Advanced Inking Techniques: Final Inking Illustration

It's been a rough scramble to get everything finished before finals, and yesterday was the last day of my Summer semester.  This meant two critiques in one day, which can be a bit overwhelming, especially since they were major critiques.  While I intend to to make several corrections to my newest When I Was 13, installment, I'm going to share the unrevised version with you guys a little later in the week.  Today I'm going to share my last piece for Advanced Inking Techniques, a 7" Kara black and white test cover.

This was inked using a Winsor Newton Series 7 brush (size 1), Winsor Newton India ink, with some drybrush and white corrections and details done with Copic's Opaque Watercolor.


As a bit of an aside, my family's evacuated to Orange, Texas, to wait out Hurricane Isaac.  With hurricanes, the damage is never done until the storm's long left, so of course I'm keeping them in my thoughts.

I don't know if I've mentioned it, but I was a freshman starting college at UNO when Katrina hit.  My family was fortunate enough to have a place to stay in Texas, and while I was evacuated, I did a lot of volunteer work to help other 'refugees' (a term we evacuees found loathful and degrading).  When I returned a month later, my school had suffered a lot of damage that continues to haunt the institution financially.  The Fine Arts program had been crippled beyond repair (I was slated to major in Illustration, that program was nixed), and everything I had left in my dorm room was ruined.  I was lucky, however.  My home in Luling was pretty much fine, our levees had held.  Many of my friends, most of whom had parents with homeowners insurance, lost everything, and my dad's sister lost her home on the Gulf Coast.

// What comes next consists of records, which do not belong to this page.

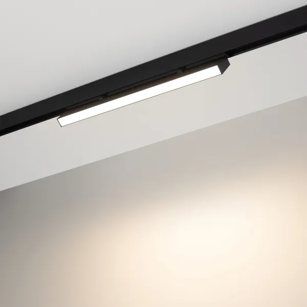 Светильник поворотный для магнитных треков шириной 25мм, 12Вт. Цвет свечения ТЕПЛЫЙ 3000K, световой поток 720лм, угол 100°, CRI>90. Корпус прямоугольный, металл, цвет черный, IP20. Размеры LxWxH 404x20x46мм. Входное напряжение DC24V, мощность 12Вт. Драйвер DС24V/AC230V поставляется отдельно. Диммируется только с 026407, 027633.
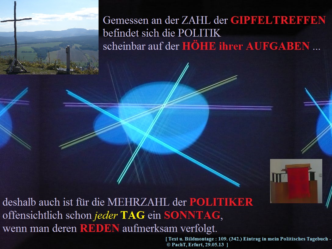 befindet sich die POLITIK scheinbar auf der HÖHE ihrer AUFGABEN; deshalb auch ist für die MEHRZAHL der POLITIKER offensichtlich
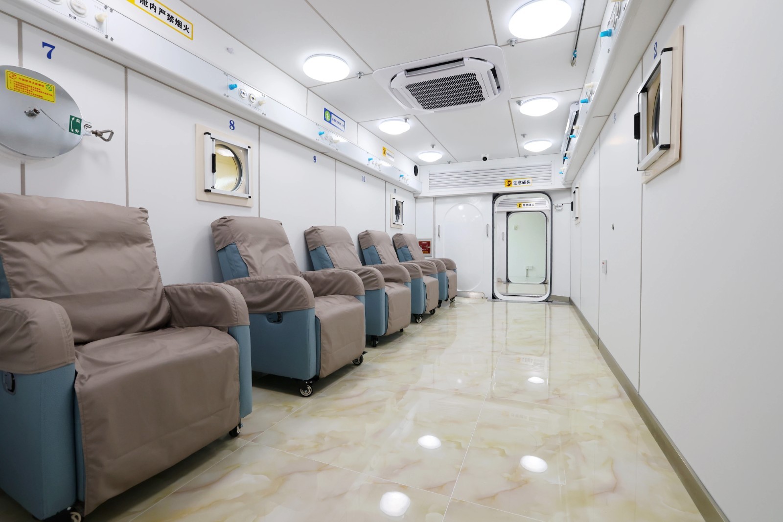 升级后的氧舱还特别优化了就医体验,航空级座椅配合全新影音设备,让患者在舱内的治疗过程更加舒适。“这次升级是按照2021年下发的国标要求,测氧仪由单路升级为双路后,对舱内氧气浓度的监测更加精准,一旦监测到仓内氧气浓度超标,高压氧舱将自动进行减压,整个过程更加柔和,减少患者的不适感。”怀柔医院高压氧科主任张春生介绍。
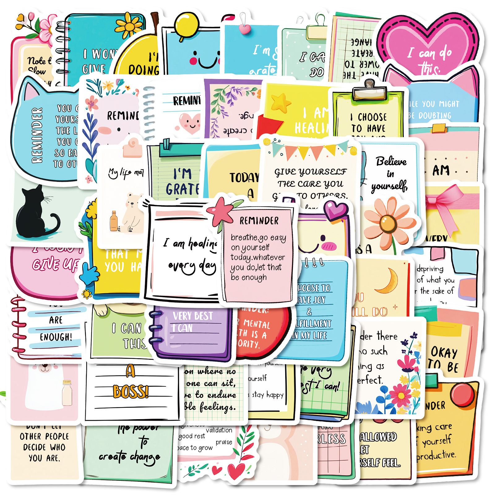 国境を越えた新しい自己肯定的な英語落書きステッカー 50 枚、小さな新鮮なインかわいいテキストラベルハンドブックステッカー
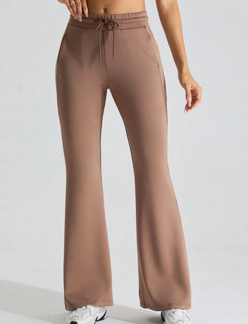 Disse stilfulde brune flared sportsbukser med snøre tilbyder den perfekte kombination af komfort og mode. Fremstillet af blødt, strækbart materiale for maksimal bevægelsesfrihed – ideelle til yoga eller afslappet brug.
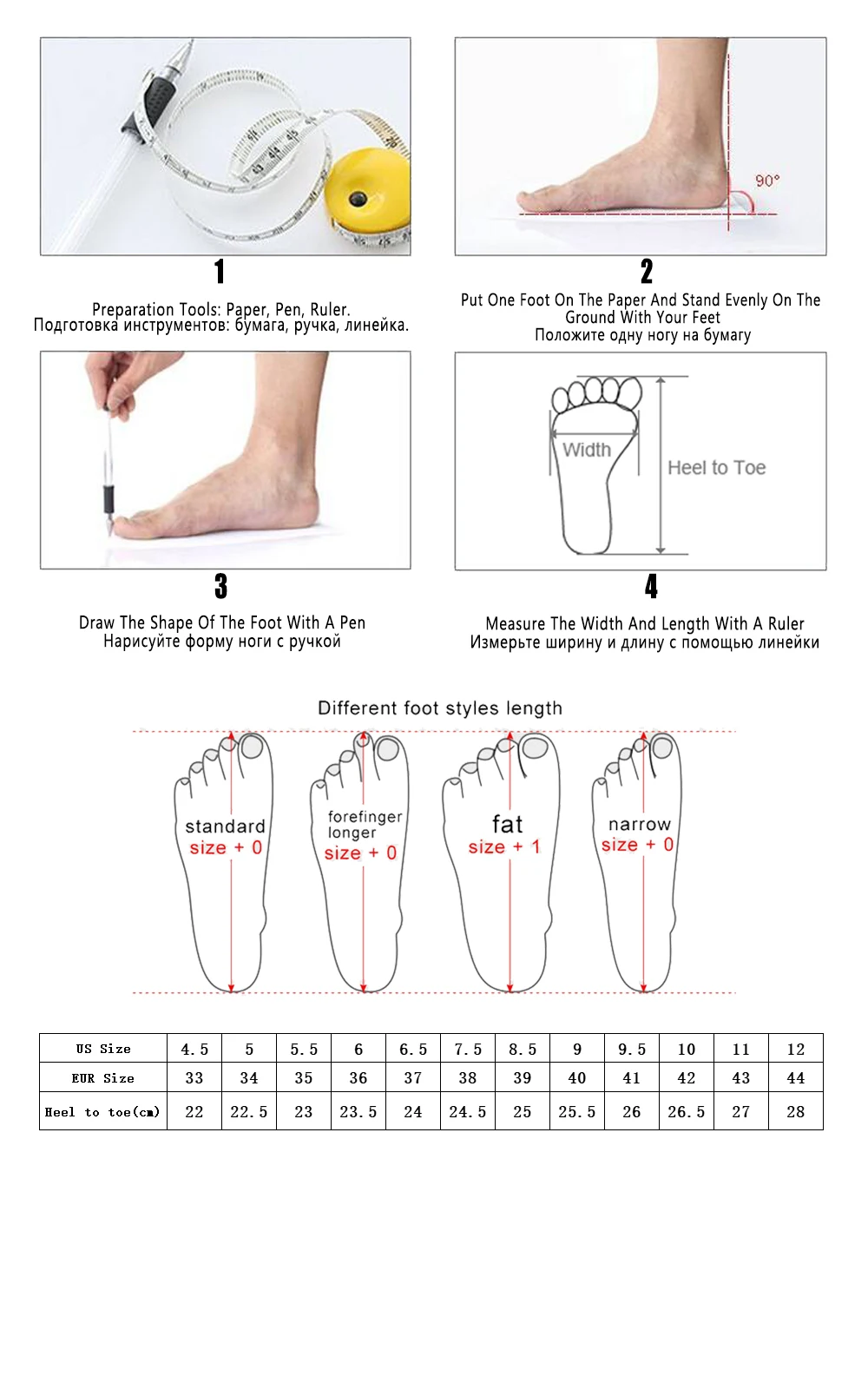 1. Обратите внимание, что из-за ручной работы размер может отличаться на 1-3 мм. Если у вас узкая и узкая стопа, пожалуйста, выберите на один размер меньше обычного; Если у вас полная и широкая стопа, пожалуйста, выберите на один размер больше обычного. 2. Наши размеры являются стандартными, пожалуйста, выберите свой обычный размер. Если у вас есть какие-либо проблемы с размером, пожалуйста, свяжитесь со мной перед размещением заказа.
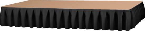 Luxe podiumrok met plooi: deze chique podiumrokken geven ieder podium een klassieke uitstraling. De rokken zijn geplooid met plooimethode boxpleat 250%. Dit percentage geeft aan hoeveel meter stof er wordt gebruikt voor een strekkende meter: de plooimethode boxpleat 250% bevat tweeënhalve meter stof per meter podiumrok. Dit zorgt voor een volle, rijke plooi met een klassieke uitstraling. Met een totale lengte van 410 cm is deze podiumrok zeer geschikt voor podia van verschillende samenstellingen en verhoudingen. Op de rand van de podiumrok is een vrouwelijke strip klittenband bevestigd. Met los verkrijgbaar mannelijk klittenband kan de podiumrok kan op de rand van ieder podium worden bevestigd.Podiumrok Boxpleat 250%Hoogte: 40 cmLengte: 410 cmKleur: wit* LET OP: voor bevestiging aan een podium is een rol mannelijk klittenband nodig.
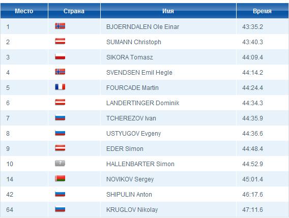 Анализ прохождения дистанции спортсменами в мужской индивидуальной гонке

My minor in undergrad was Earth Environmental Science, with a particular focus on ecosystem management.  I learned a lot about the area I lived in, how hurricanes affected it, and how projects like areas of poorly built and maintained levees and MRGO not only destroy the ecosystem they're located in, but the lives of the people who live in those areas.

I guess after Katrina, I took hurricanes seriously.  My family never really played around with evacuation orders, which I think has always worked to our advantage.  Even living in Savannah, I always have an evacuation plan and a place to stay worked out.  I keep canned goods and some potable water, just in case.

I'm sharing this because I know that outside of Louisiana, people look at hurricanes and Louisianians differently.  After Katrina, there were a lot of slurs slung, some dreadful things said by people who'd never even visited the area.  There were many who said that New Orleans deserved what it got, being a 'den of sin'.  No matter where you live, you are subject to some natural disaster that can destroy your life, and sin has nothing to do with it.  At least with hurricanes, the people of our city-below-sea-level-that-happens-to-be-in-a-bowl have advance notice.